- Route map

Overview
- Owner: Hungarian State Railways
- Line number: 13

Service

Technical
- Track gauge: 1,435 mm (4 ft 8+1⁄2 in) standard gauge
- Electrification: 25 kV 50 Hz AC (Tatabánya–Környe)
- Operating speed: 80 km/h (50 mph)

= Tatabánya–Pápa railway line =

Railway line in Hungary

The Tatabánya–Pápa railway line is a railway line in Hungary. It runs 93.2 km from Tatabánya to Pápa. Most of the line no longer hosts passenger service, and it is partially abandoned in the vicinity of Pápa.
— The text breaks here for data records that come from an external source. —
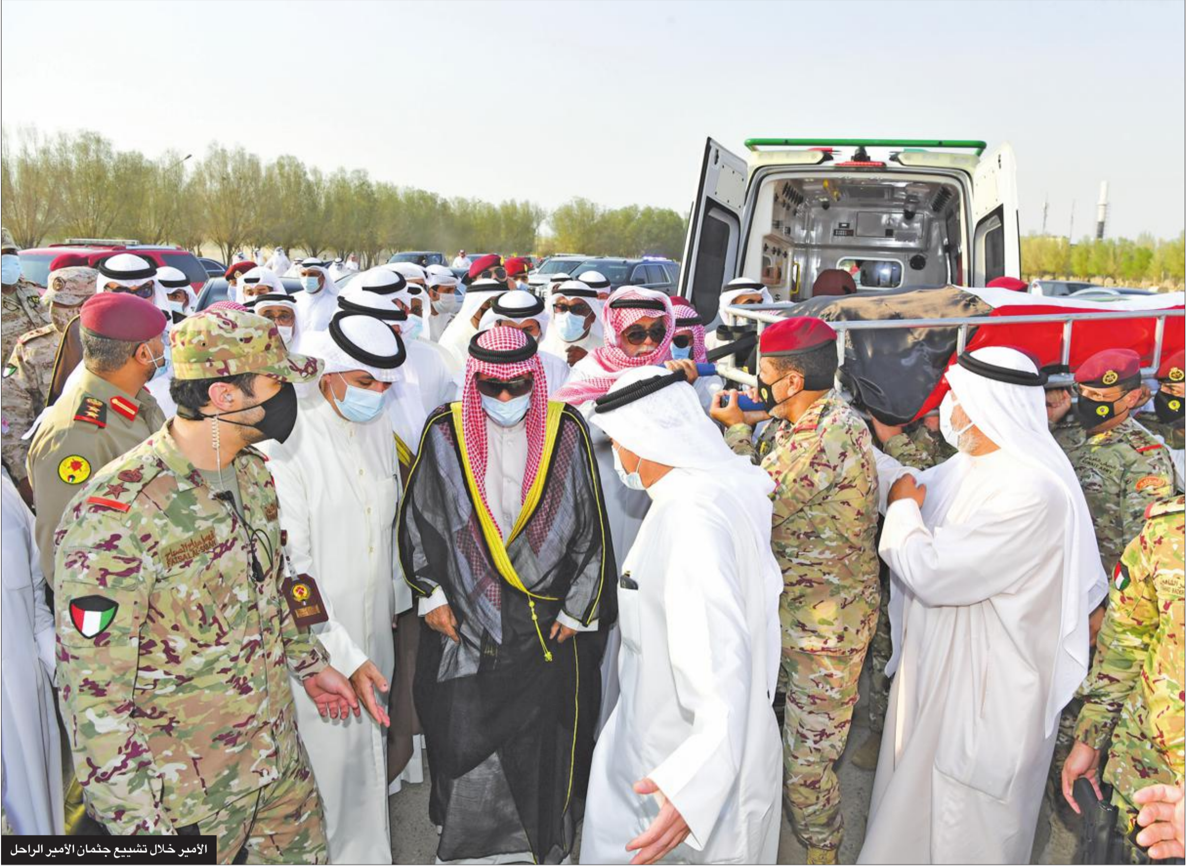
الأمير خلال تشييع جثمان الأمير الراحل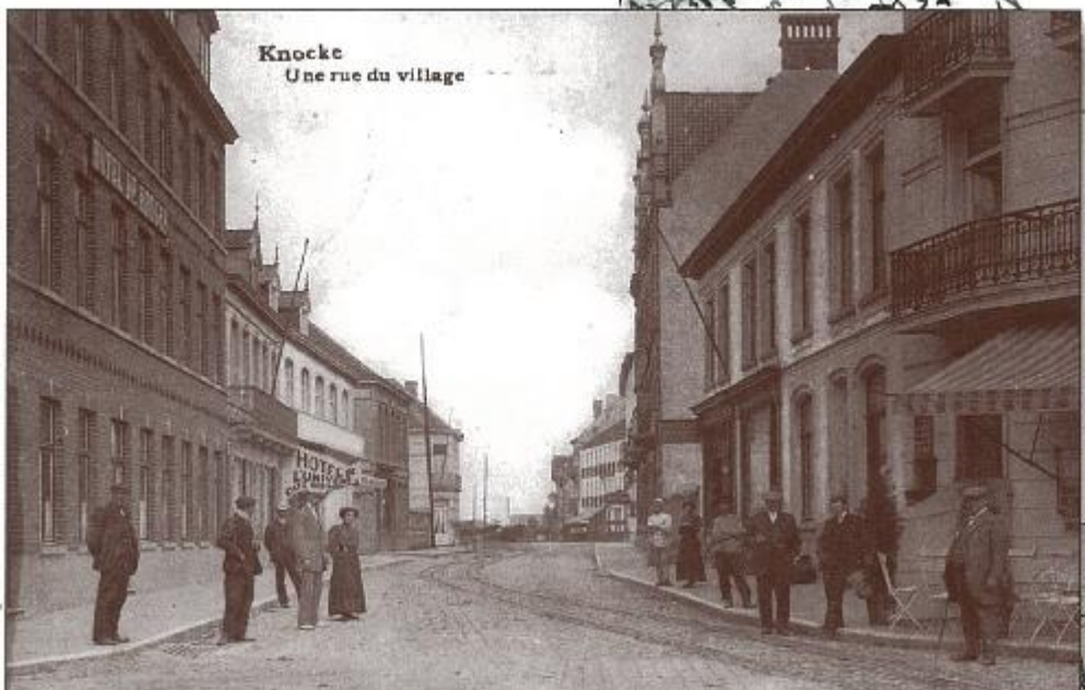
Knokke Une rue du village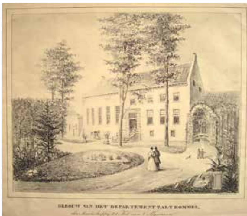
Prent van het Nutsgebouw en tuin (F.W. de Virieu, jaartal onbekend, collectie Stadskaasteel).

Met de tentoonstelling is er gelukkig hernieuwde aandacht voor de negentiende-eeuwse 'laag' die De Virieu heeft toegevoegd aan de middeleeuwse stadswallen. De visie 'Van Waal tot Waal' legt een solide basis voor het behoud en herstel van het singelpark en de betekenis daarvan voor de leefbaarheid en aantrekkingskracht van de vesting. De volgende stap is hopelijk een grondige tuinhistorische analyse en een doortimmerd restauratie- en beheerplan, zodat het unieke park weer toekomstbestendig wordt en niet alleen uitsluitend stoelt op de historische betekenis van bolwerken, binnen en buitengracht, stadsmuur en schootsveld maar ook recht wordt gedaan aan het negentiende-eeuwse ontwerp van De Virieu, waardoor Zaltbommel een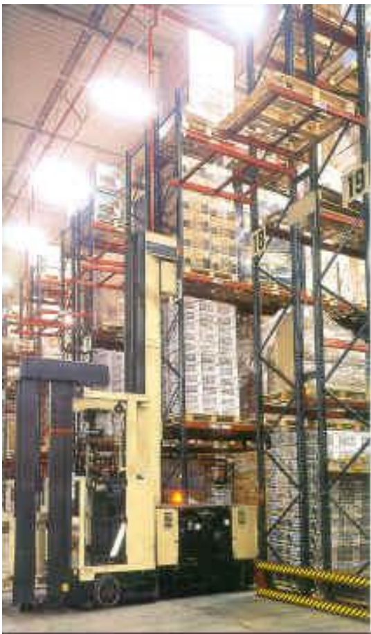
Almacén Villaverde (Madrid)

Apoyado por los sistemas informáticos se obtiene información detallada sobre los artículos almacenados como existencias mínimas, flujos de mercancías, estrategias de almacenaje y preparación de pedidos.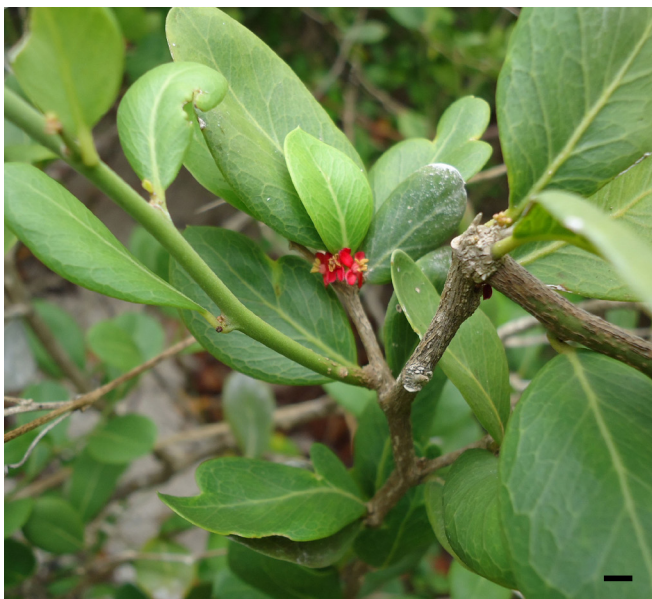
Fig. 10. Castela manitzii , ramas con flores de una planta ♂ procedente del matorral xeromorfo costero al este de Playa Herradura, Las Tunas, Cuba. Barra de escala: 1 cm.

Estado de conservación: La población de Castela manitzii ocupa una extensión de presencia de 5 102 km 2 y un área de ocupación de 8 km 2 . El cambio climático es una amenaza importante sobre la población, ya que habita en áreas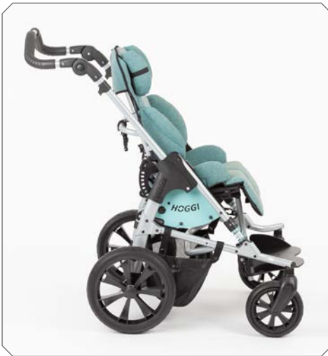
Sitzeinheit in Fahrtrichtung.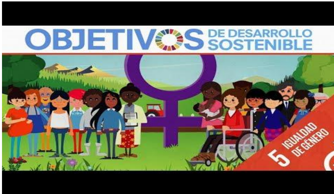
ODS 5: Igualdad de género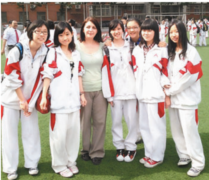
國際班的同學和他們的外教。 北京傳真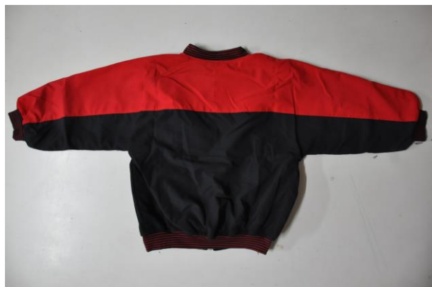
冬季體育外套背面

說明：黑色外套，胸口以上為紅色，中央附黑色拉鍊。衣領、袖口、下擺加紅黑相間收縮布料。左右各加一斜口口袋。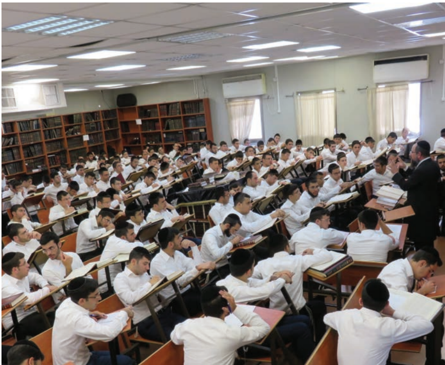
היכל ישיבת דרכי דוד

באיזו ישיבה תפתח בשנה הקרובה 2 שיעור א' ? באיזו ישיבה קיבלו 160 בחורים לזמן אלול הקרוב? לאיזו ישיבה נרשמה קבוצת תלמידים גדולה ממקסיקו? ובאיזו ישיבה משלבים את שתי שיטות הלימוד - הספרדית והליטאית?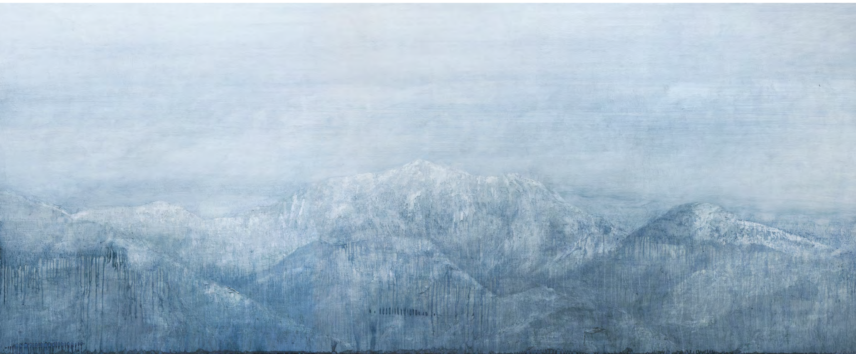
Winterreise de Schubert II, óleo-tabla, 82,5x203, 2016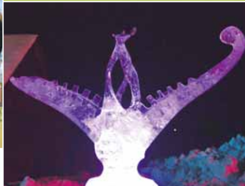
Arī šogad „Sēļu sētā” daļiņa no zemeslodes ledus atceļoja uz Jēkabpili un priecēja apmeklētājus ar savu neatkārtojamību.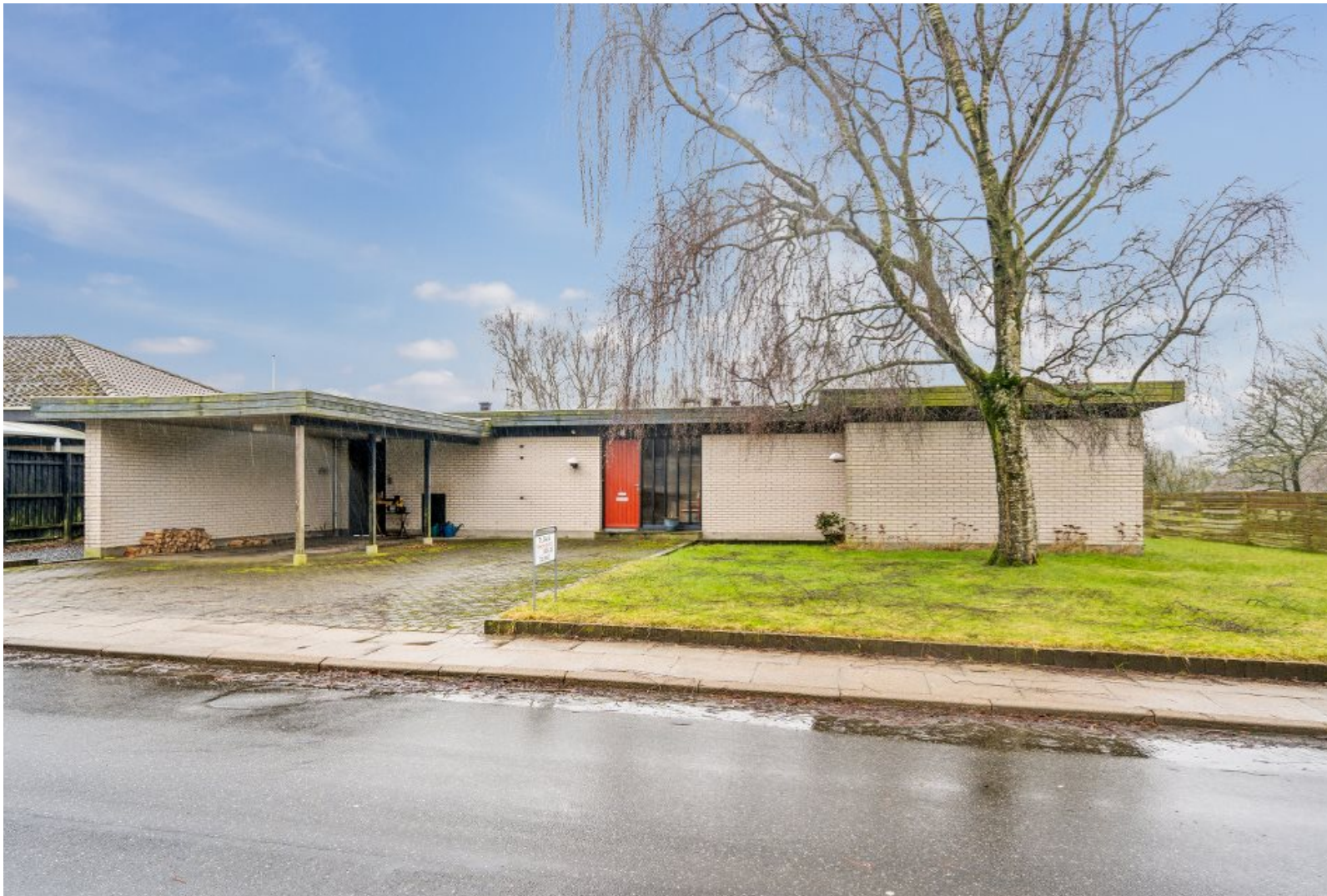
Arkitekttegnet 60ér villa i Jerslev

Hungarian State Railways owns and operates the line.

== Route ==
The line runs roughly east–west between Tatabánya and Pápa. In Tatabánya, the line diverges from the Budapest–Hegyeshalom railway line west of the Tatabánya railway station. In Környe, 7.6 km from Tatabánya, the Környe–Oroszlány railway line veers off to the south to serve Oroszlány. Electrification ends at this point, and there is no passenger service beyond Környe. The line connects with the Székesfehérvár–Komárom railway line in Kisbér, the Győr–Veszprém railway line in Veszprémvarsány, and the Győr–Celldömölk railway line and Pápa–Csorna railway lines in Pápa.

== Operation ==
Hungarian State Railways operates the S12 service as part of Budapest's suburban network. The S12 runs hourly between Oroszlány and Tatabánya, with connecting service to and from Budapest Déli station.